Como a Central Bernard Silva de Exploração e Refino estava praticamente desativada, não havia necessidade de manter a unidade em funcionamento. Apenas um equipamento de menor porte permanecia operando, garantindo as condições vitais necessárias no edifício administrativo, na ala das cabines e, quando necessário, em áreas que Swift, Mei e Homero precisassem acessar. Isso fazia da unidade um monstro sombrio e silencioso, que podia abrigar muitos segredos. Inclusive um assassino escondido.
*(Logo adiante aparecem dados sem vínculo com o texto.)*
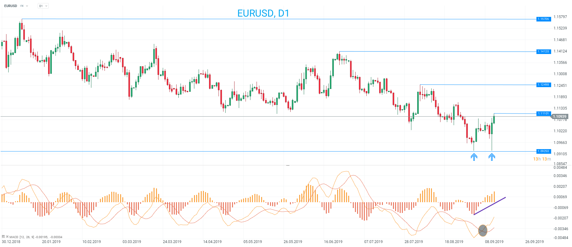 A potential double bottom is forming around 1.0925 in the EURUSD with a bullish hammer printed on D1 after the ECB decision. Positive divergence also seen on MACD. Source: xStation
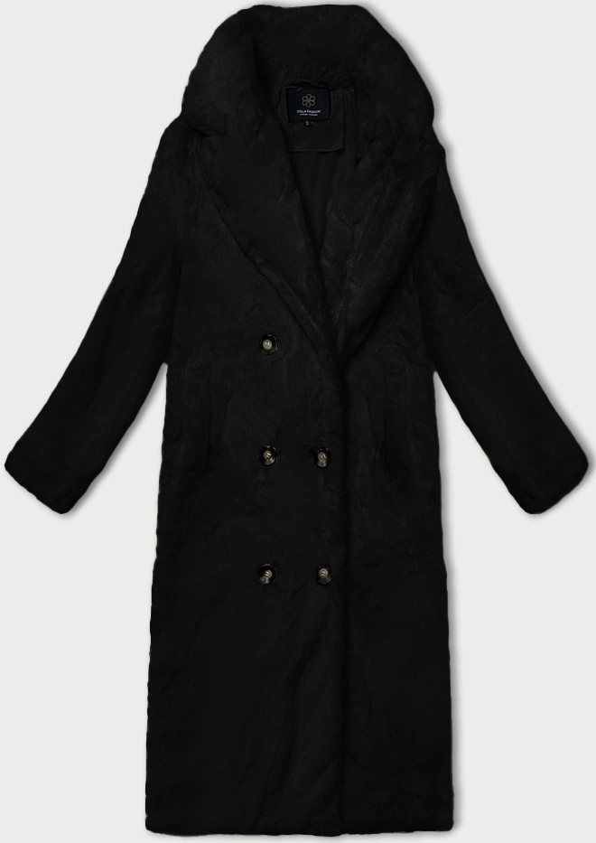 Płaszcz futerko damskie z kołnierzem czarne (WD2332)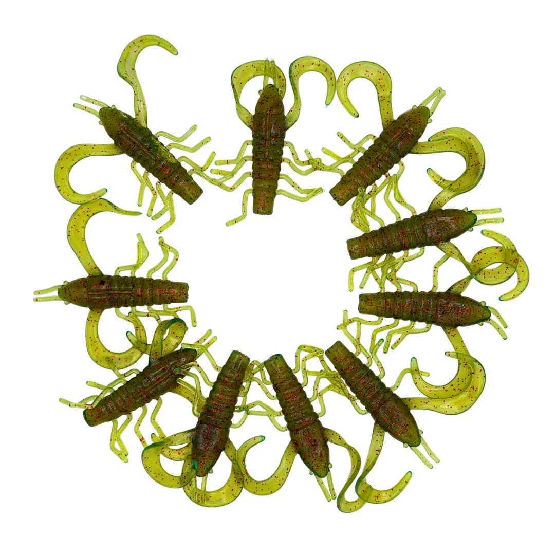 "The lil bugger" can be used in conjunction with the following fishing techniques: Carolina Rig (must try technique with this particular soft bait), Texas Rig, as a jig trailer, weightless, and even on power drop shots. Fish of all kinds are tricked into feeding and/or striking this realistic creature-craw artificial lure and due to the secondary action of appendages anglers who thrive in clear, stained, or dirty water can all benefit from using this innovative twist on creature baits.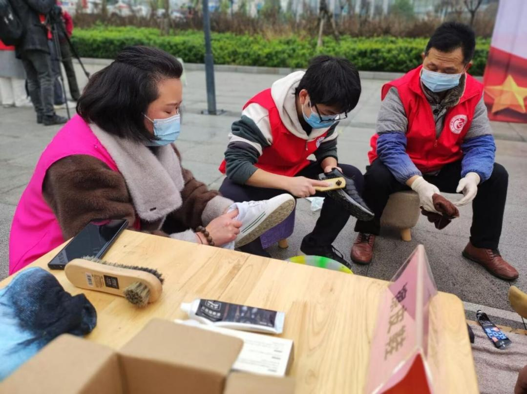 志愿活动现场更是设有生活服务区。志愿者们帮助有需要的居民打磨菜刀,擦拭皮鞋,熨衣服,拍照纪念,希望为居民们分担一些事务,面对一系列繁琐甚至是初次尝试的工作,志愿者们尽心尽力,乐在其中,为居民们提供帮助,为弘扬“雷锋精神”贡献出属于自己的力量。

Mei e Swift caminhavam com cuidado na unidade. Apesar de a maior parte da capital ter sido construída com metal, a unidade de tratamento de águas utilizava no chão fibras de carbono, semelhantes a madeira. Isso fazia com que os passos ressoassem e ecoassem, aumentando a tensão dos dois. Com suas armas e lanternas em mãos, eles exploravam o lugar em busca de alguém ou alguma pista.

Quanto mais andavam, mais barulho fazia, mas em certo momento, Swift começou a desconfiar dos sons que ouvia. Havia passos fora do ritmo em que ele e Mei andavam. Passos de outra pessoa. De uma pessoa leve e rápida. A engenheira começou a desconfiar dos barulhos também. Pararam os dois, tentando identificar de onde vinham os passos, mas o eco atrapalhava a percepção. De repente, os passos começaram a correr na direção dos dois. E, num choque, Mei foi derrubada no chão. Sua lanterna rolou para longe. E o som elétrico de um tiro foi escutado. Swift temia pela vida de sua companheira de missão. Mas ao apontar sua lanterna para ela, nada viu além de um corte começando a sangrar em seu queixo. Os passos cessaram, mas uma respiração ofegante era ouvida há poucos metros dali. Quando a luz da lanterna de Swift chegou à fonte do som, havia uma pessoa caída, com o peito queimado pelo disparo elétrico da arma de Mei. Uma menina, que não tinha mais do que nove anos terrestres.